Franklin Templeton: The Big Picture 2Q24
Preview:
2Q24 highlights
- In the US, bond yields are likely to remain sensitive to whether growth and inflation are moderating. The expected Fed rate cuts later this year should help push market yields lower.
- In Europe, more pieces of the disinflationary jigsaw puzzle are falling into place, suggesting that the first rate cut will take place at the European Central Bank (ECB) June meeting.
- In the UK, we also see the Bank of England (BoE)as close to cutting, with the June meeting seen as most likely.
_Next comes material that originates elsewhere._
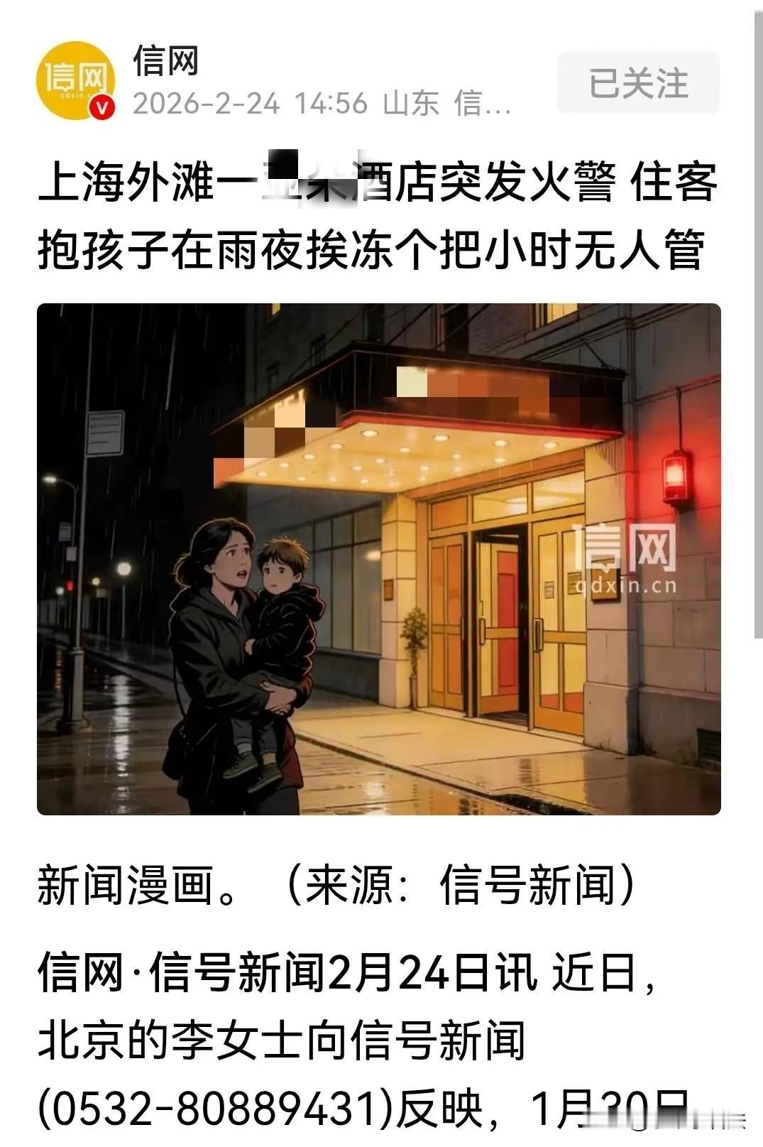 上海,北京女子带年幼的孩子来上海游玩,花1500元入住外滩一家高级酒店。谁知深夜酒店警报骤响,女子吓坏了,顾不得太多,抱起孩子就跑,跑到外面才知正在下雨,孩子连厚衣服都没穿,她抱着孩子及同楼层的房客站在雨中待1个小时,冻的瑟瑟发抖,有的孩子被吓的直哭。直到听旁边大楼保安说警报解除,可以回去。期间酒店无任何作为和关怀,客人问及,酒店轻飘飘解释是“误报”,女子对此很无语,要求酒店给个说法。 1月30日,北京的李女士带着孩子来上海,游玩要尽兴,那住的也要选最好的,起码住的舒服安心。 她选了一家高级酒店,1500元的价格,她不心疼钱,就想要好的环境好的服务,能让自己和孩子享受旅途的舒适。 晚上10点半,李女士和孩子早已洗漱准备休息,酒店房间里突然传来一阵尖锐、刺耳的火警警报声。 声音穿透房门,在安静的楼层里显得格外吓人。 李女士吓坏了,第一反应就是出事了,她来不及多想,一把抱起还穿着单薄秋衣的孩子,抓起随身物品就冲出了房门。 走廊里已乱作一团,隔壁房间、同楼层的房客全都慌慌张张地跑了出来,大家脸上写满了紧张和不安。 所有人都只能凭着本能往消防楼梯涌去,一步一步往下撤离。 可让李女士无比失望的是,从房间门口到楼梯口,再到整栋楼的撤离路线,自始至终没有出现一名酒店工作人员。 没人指引方向,没人提醒注意安全,更没人告诉他们到底发生了什么。 慌乱之中,老人喘着粗气扶着栏杆往下挪,小孩子被刺耳的警报和拥挤的人群吓得哇哇大哭,场面既混乱又让人心疼。 李女士紧紧护着怀里的孩子,心里又怕又急,她不明白,一家定位中高端的连锁酒店,在突发火警警报时,居然连最基本的疏散引导都做不到。 更糟糕的是,她们跑到外面后,发现外面正下着冷雨,温度近0℃,大部分客人都是仓促逃生,根本来不及穿上厚外套,只能穿着睡衣、秋衣站在寒风里发抖。 李女士看着孩子冻得小脸发白,心里又心疼又愤怒。 她和其他客人在雨里足足等了近一个小时,酒店没有任何人送来一把伞、一杯热水,连一句安抚的话都没有。她多次拨打酒店电话,也始终无人接听。 直到11点半,客人们才从旁边大楼的保安口中得知,警报已经解除,可以返回房间。 而此时回到酒店,前台只有一名普通员工在岗,店长、经理全都不见踪影。 面对大家的质问,工作人员只是轻描淡写地说了一句“是误报”,便再无其他解释。 事后李女士才知道,这场警报根本不是设备故障,而是有客人在楼道里吸烟,不小心触发了烟感报警器。 可即便如此,酒店的应急处置依然让人无法接受:警报响起无人疏导,客人淋雨受冻无人照料,安全隐患出现也没提前管控。 从惊魂夜结束到退房离开,酒店方就像什么都没发生过一样,没有道歉,没有说明,更没有任何补偿方案。 李女士越想越生气,近1500元的房价,买来的不是安心与舒适,而是一场带着孩子在寒夜里担惊受怕的糟糕体验。 她忍不住提出一连串疑问:火警为何会被轻易触发?紧急时刻为何没有工作人员引导?客人在雨中受冻,为何连基本的物资和安抚都没有? 面对媒体的追问,酒店接线人员先是确认了吸烟触发警报的事实。 可当问及服务失职和后续补偿时,一位自称负责人的工作人员却以“当天不是自己值班”为由,拒绝透露更多细节。 只含糊表示会针对疏散不到位、缺乏安抚等问题进行整改,至于如何整改、是否赔偿,始终没有给出明确答复。 《民法典》第1198条规定:宾馆……娱乐场所等经营场所、公共场所的经营者、管理者或者群众性活动的组织者,未尽到安全保障义务,造成他人损害的,应当承担侵权责任。 对此,专业律师也给出了明确说法:酒店作为经营场所,有义务保障消费者的人身安全。 在此次事件中,酒店明显没有履行应急疏导、现场安置等安全保障义务,已侵犯了消费者的合法权益。 李女士在内的所有住客,完全有权要求酒店退还住宿费,并对因此造成的损失依法索赔。 一场本可避免的警报,一次完全失职的应急处置,让一次温馨的出行变成了难忘的噩梦。 近千元的房费,买不来安全,也买不来服务,更买不来最基本的责任心。 对于出门在外的旅客来说,比起豪华的装修和便利的位置,真正让人安心的,永远是危急时刻有人管、出事之后有人担的踏实感。 而这一点,正是这家酒店最缺失的东西。 对此您觉得酒店应对此负责吗?

- In China, we maintain our view that officials will continue with an accommodative monetary policy stance given a number of economic headwinds.
Overview
Global growth has downshifted and inflation rates worldwide are generally receding. Deflationary pressures in China, tightening financial conditions in the US and Europe, and subdued demand for manufacturing and services across a number of countries are easing price pressures globally. These trends, coupled with the major central banks promoting a measured and gradual approach to easing monetary policy, are expected to further dampen economic growth and inflation, which, in turn, should lead to lower developed market (DM) government bond yields and a modestly weaker US dollar. That stated, concerns over monetary policy missteps, inflation rates stabilizing above central banks targets, stronger-than-expected growth in the US and increased US Treasury (UST) supply to cover a growing fiscal deficit are all phenomena that may lead to periods of heightened market volatility. Spread sectors such as emerging markets (EM), high-yield, bank loans and select areas of the mortgage-backed securities (MBS) space offer attractive yield, but we acknowledge their vulnerability to unanticipated shifts in macro-related sentiment, geopolitical developments and the ongoing uncertainty over monetary policy rate trajectories.